在量子力學當中，量子系統的特性能夠藉由不存在於與古典世界當中的量子疊加所展現出來。
根據量子疊加的原理，它描述了任兩個或多個狀態能夠被疊加成新的狀態; 因此在線性且獨立的基底下其量子態的叠加便概括了其同調在正交基底下產生的能力。
在本論文裡，我們有別於以往只針對狀態的分析，而是以過程的觀點
介紹兩種量測量化量子態疊加的創造和保存過程。
透過我們的工作，物理過程能夠廣泛地被描述其疊加的能力，因此許多在量子資訊處理上的物理系統能夠立即被探討，例如糾纏態製備的後選擇、雙折射晶體中的量子動力學、量子共振腔中原子與場的量子動力學、量子力學投影量測、三個典型的量子噪音通道以及量子電腦中所需的基本量子邏輯運算閘。

In quantum mechanics, the feature of quantum systems can be demonstrated by quantum superposition that is not present in the classical world.
According to the superposition principle of quantum mechanics, it describes how any two or more quantum states can be superposed together to form another valid quantum state; The superposition of quantum states therefore generalizes the capability of coherence creation in the orthonormal basis to the ability to superpose states in a normalized and linear independent basis.

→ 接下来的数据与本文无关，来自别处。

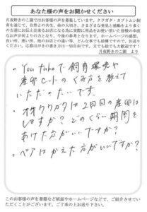 東京都 若松 様 2025 12/17 生体 70代 2021年7月14日2025年12月17日 始めまして、早速の発送ありがとうございました。幼虫の大きさにビックリ!今迄のホームセンターの幼虫はなんだったのでしょうか?流石の月夜野きのこ園さん、これからも宜しくお願いします。 生体 70代 よかったらシェアしてね! URLをコピーしました! URLをコピーしました! 千葉県 君塚 様 東京都 鈴木 様 おすすめ記事 てすと投稿です。 2025年12月23日 東京都 澤井 様 2025年12月17日 千葉県 平野 様 2025年12月15日 群馬県 はやしかわ 様 2025年11月21日 群馬県 はやしかわ 様 2025年11月21日 奈良県 栗原 様 2025年11月21日 群馬県 鈴木 様 2025年11月21日 大阪府 ささべ 様 2025年11月21日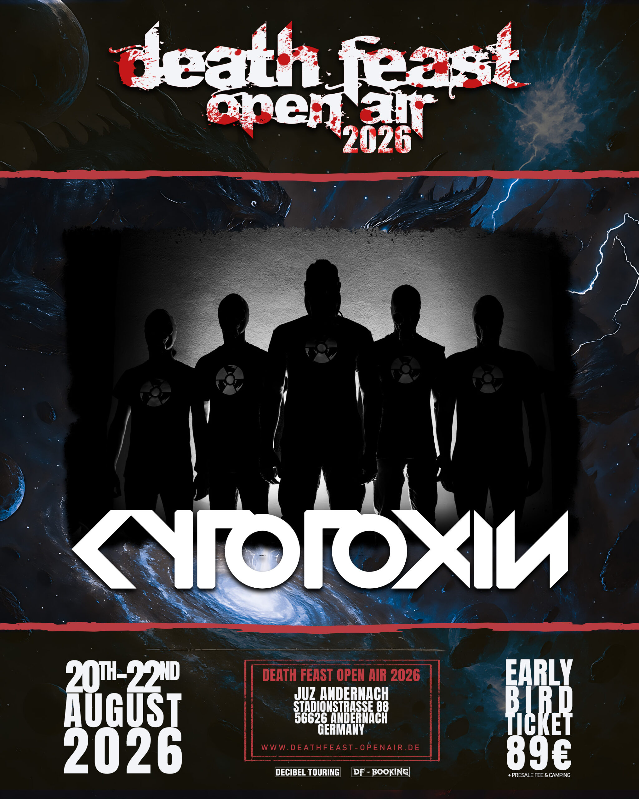 Our second announcement will hit you like a gorilla on steroids. Maximum technicality and maximum speed will lead to maximum pit madness. For the first time ever, this radioactive force will set foot on the DEATHFEAST OPEN AIR 2026 - OFFICIAL EVENT stage and we are more than ready for the fallout. Prepare for blastbeats at nuclear intensity and riffs sharp enough to cut through concrete. Welcome Cytotoxin from Germany! Make sure to grab your tickets while the early bird phase is still on!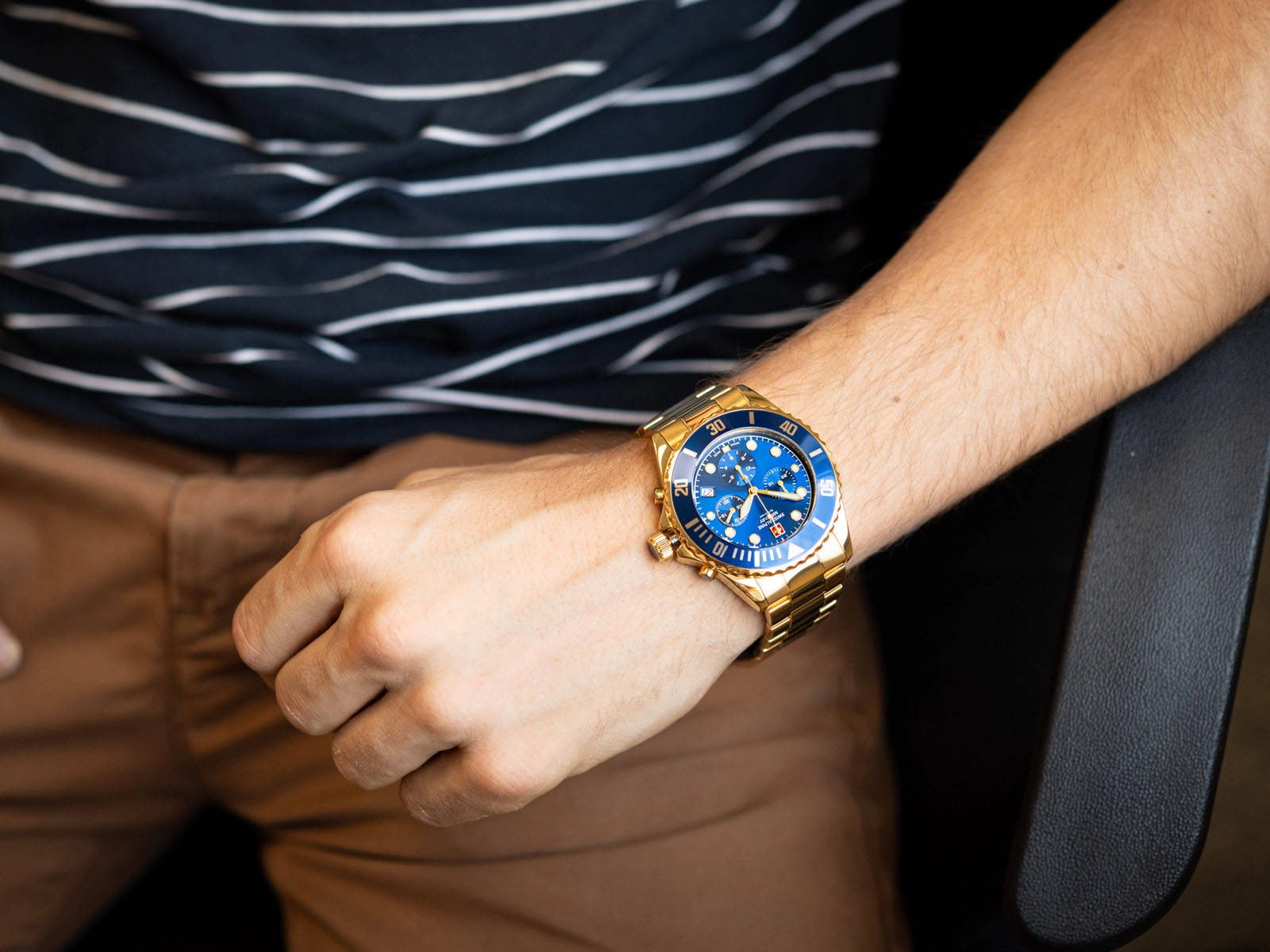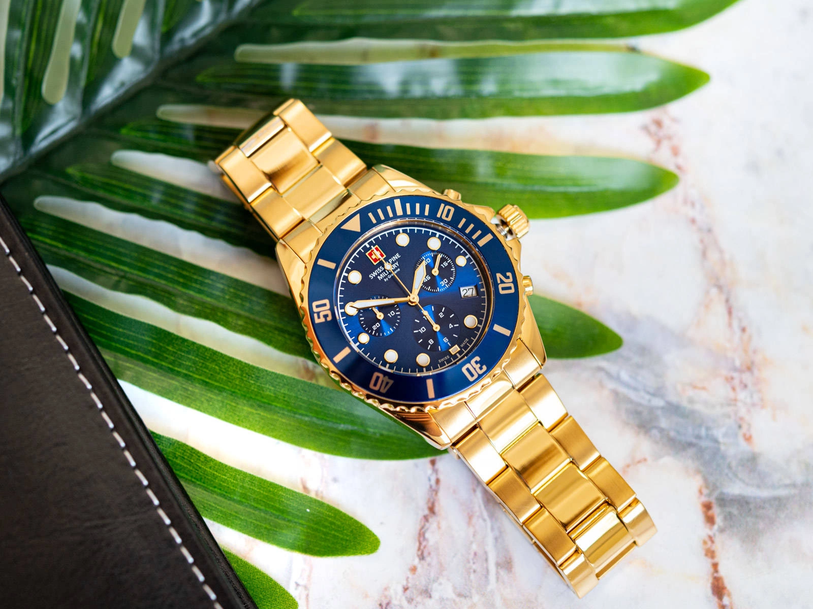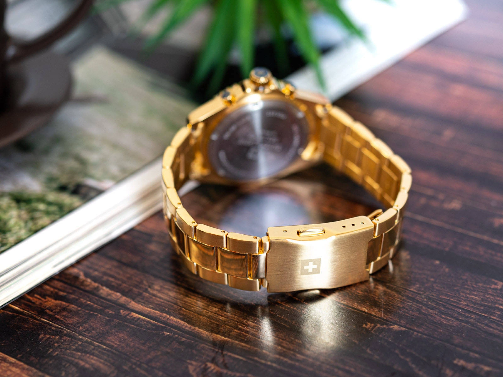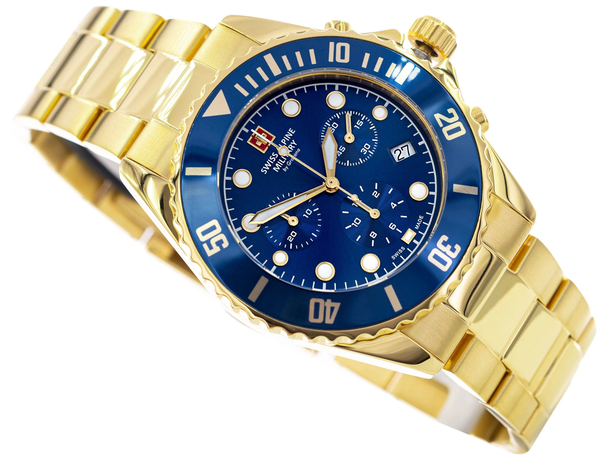 - Wodoszczelny Zegarek Męski Swiss Alpine Military 7053.9115 złoty na bransolecie, posiada funkcje takie jak stoper i datownik.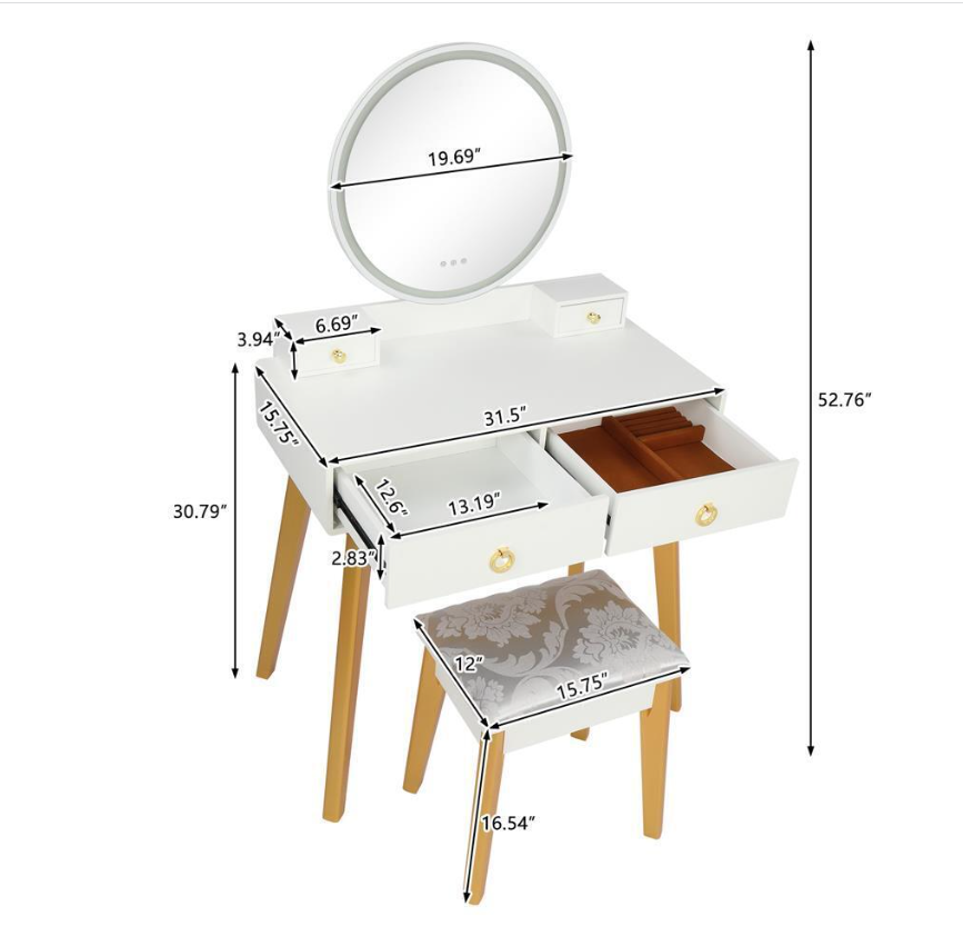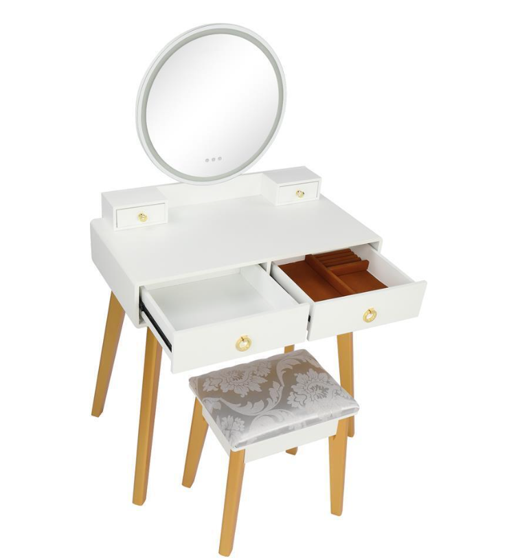 This is a very fashion, modern and simple dressing table. Adopting sturdy MDF and cylindrical solid wood leg support, the dressing table is full of modern sense. Large glass round mirror on the tabletop can show your beauty. Two small drawers and storage cases on the desktop can store your jewelry and cosmetics. Two drawers on the table with a panel can make a good classification for your cosmetics. When you are not using it, you can also remove it as a desk or other table. This dressing table can be placed in the living room, bedroom, or anywhere you want, which can provide the most beautiful furniture decoration for your home.

In this thesis, different with the former analysis of quantum states, we introduce two measures to quantify creation and preservation of superposing quantum states from process perspective.
Through our work, physical process can be characterized such that process can demonstrate superposition capability. Therefore, several physical systems can immediately explored in quantum information processing, such as the post-selection used in entanglement generation, quantum electrodynamics in birefringent crystal, quantum electrodynamics for atom and field in quantum resonator, projective measurement in quantum mechanics, three typical quantum noise channels and the basic quantum logic gates in quantum computer.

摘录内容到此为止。